++++ Information supplied ++++

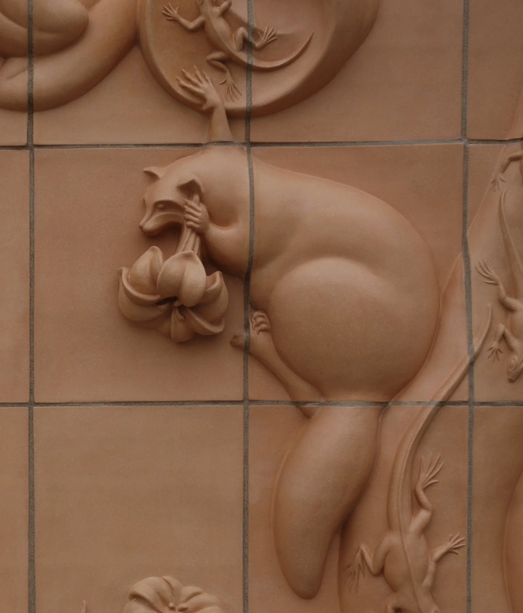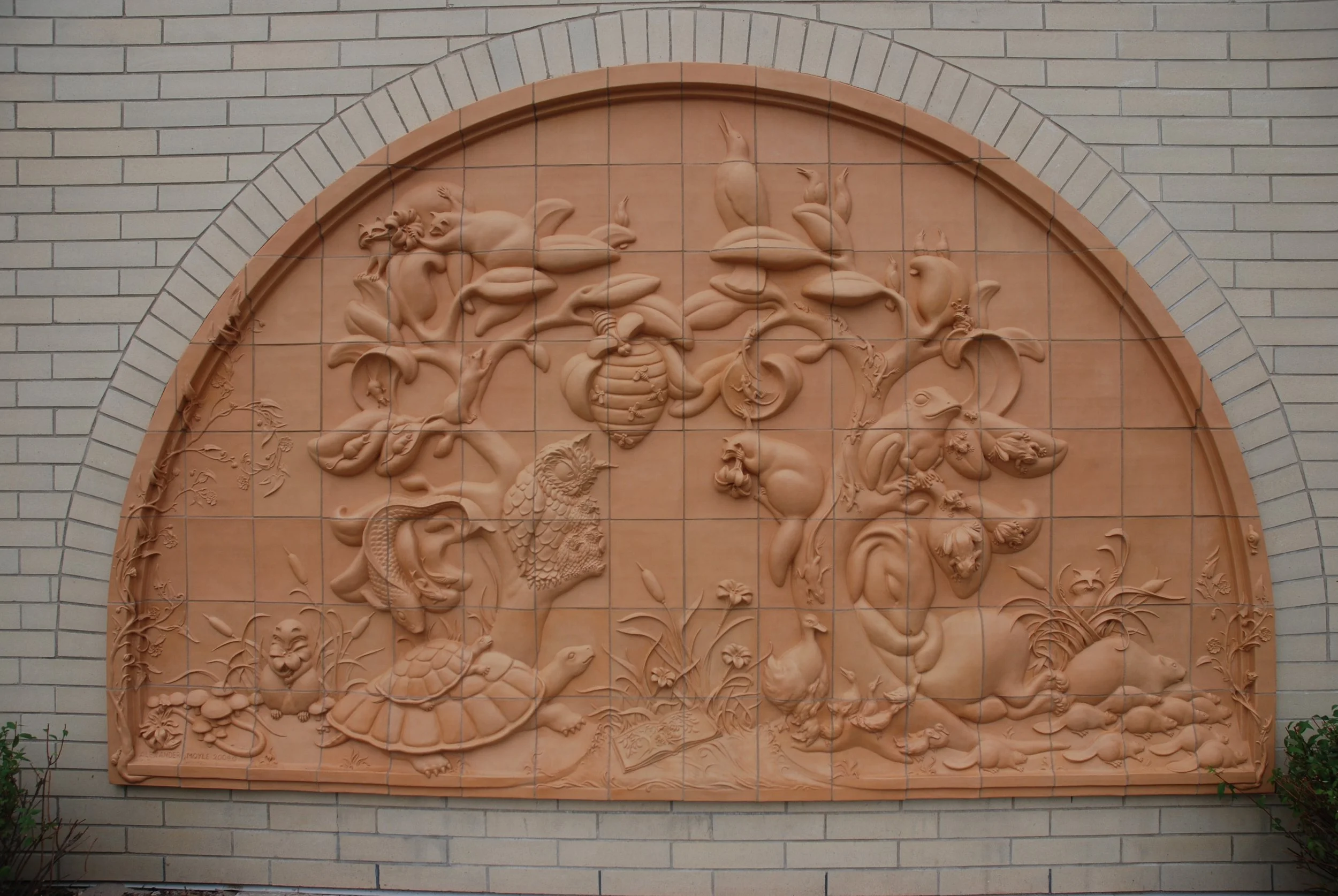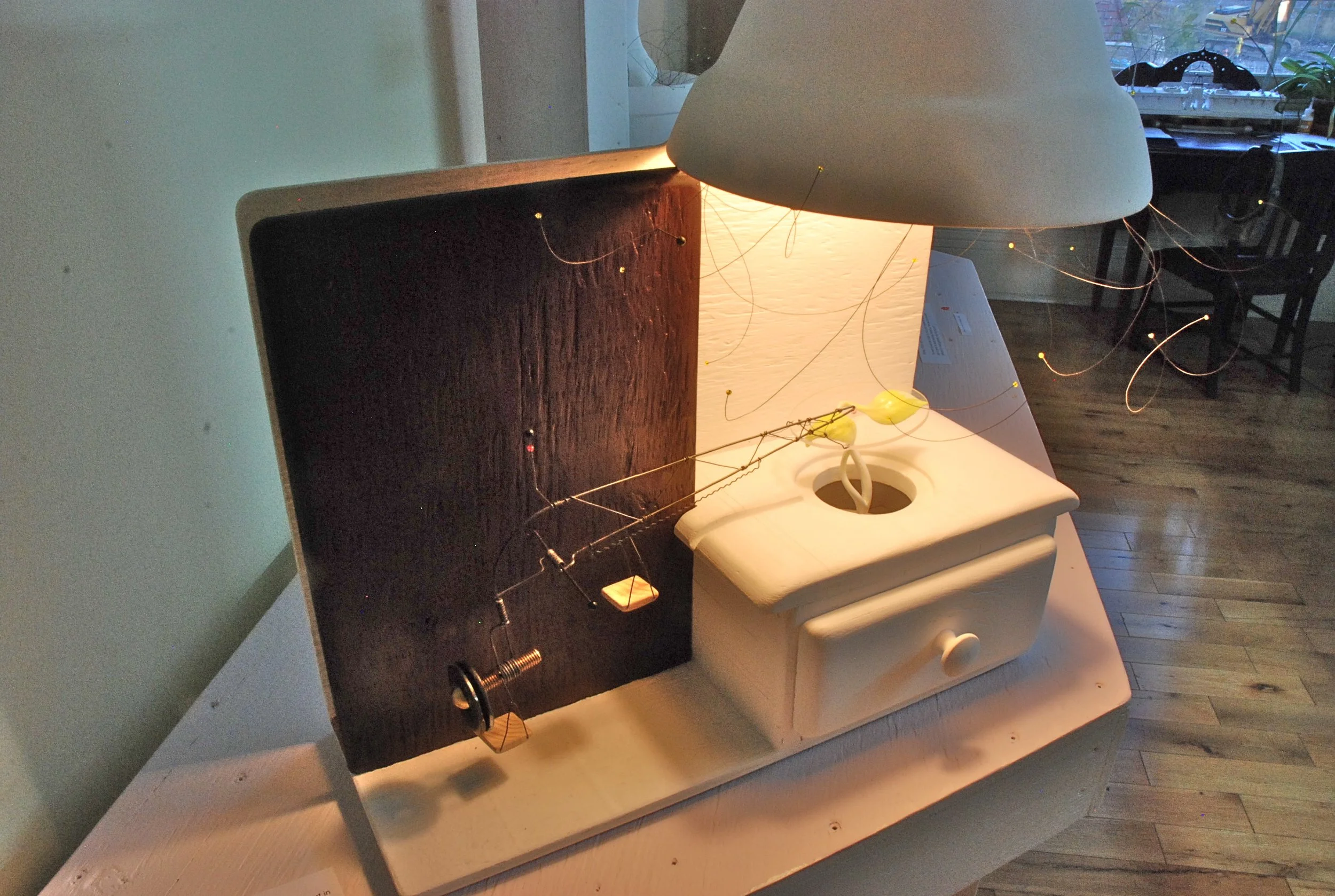 Visitors, is a mobile of a garden suspended in the atrium of an airport. Insects, birds, reptiles, mollusks and mammals visitor the garden as well as some travellers.
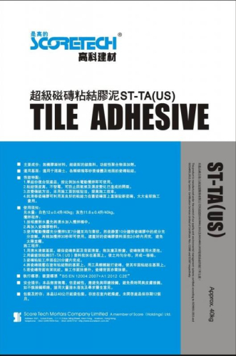 Ultra high strength polymerized thin bed deformable, flexible, water resistant and efflorescence resistant adhesives complying with C2TE class of BS EN 12004 for both interior and exterior wall and floor tile fixing application. ST-TA(US) is certified to Product Confirmity Certification Scheme - Tile Adhesive (PCCS-TA) issued by HKCI.
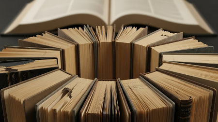 This image showcases a collection of aged, hardbound books arranged in a circular pattern with their pages opened. It evokes a sense of history, knowledge, and scholarly pursuits.
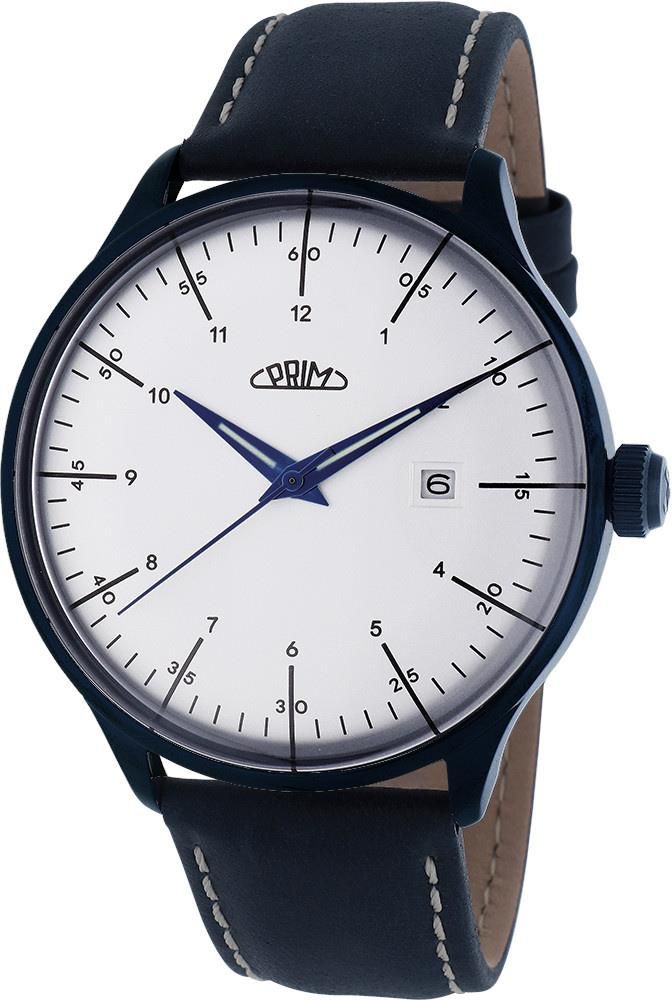 Męski automatyczny klasyczny stalowy wodoszczelny zegarek PRIM Retro Automatic W01C.13149.D - niebieska stalowa koperta, skórzany pasek, jasna tarcza czasomierza, datownik, klasa szczelności 50M, mineralne szkło. Japoński mechanizm automatyczny

++++

### Your task:
From the first line to the last, reproduce the listing above exactly, leaving the pictures out.

### Response area:
 Visitors, is a mobile of a garden suspended in the atrium of an airport. Insects, birds, reptiles, mollusks and mammals visitor the garden as well as some travellers.
 Ultra high strength polymerized thin bed deformable, flexible, water resistant and efflorescence resistant adhesives complying with C2TE class of BS EN 12004 for both interior and exterior wall and floor tile fixing application. ST-TA(US) is certified to Product Confirmity Certification Scheme - Tile Adhesive (PCCS-TA) issued by HKCI.
 This image showcases a collection of aged, hardbound books arranged in a circular pattern with their pages opened. It evokes a sense of history, knowledge, and scholarly pursuits.
 Męski automatyczny klasyczny stalowy wodoszczelny zegarek PRIM Retro Automatic W01C.13149.D - niebieska stalowa koperta, skórzany pasek, jasna tarcza czasomierza, datownik, klasa szczelności 50M, mineralne szkło. Japoński mechanizm automatyczny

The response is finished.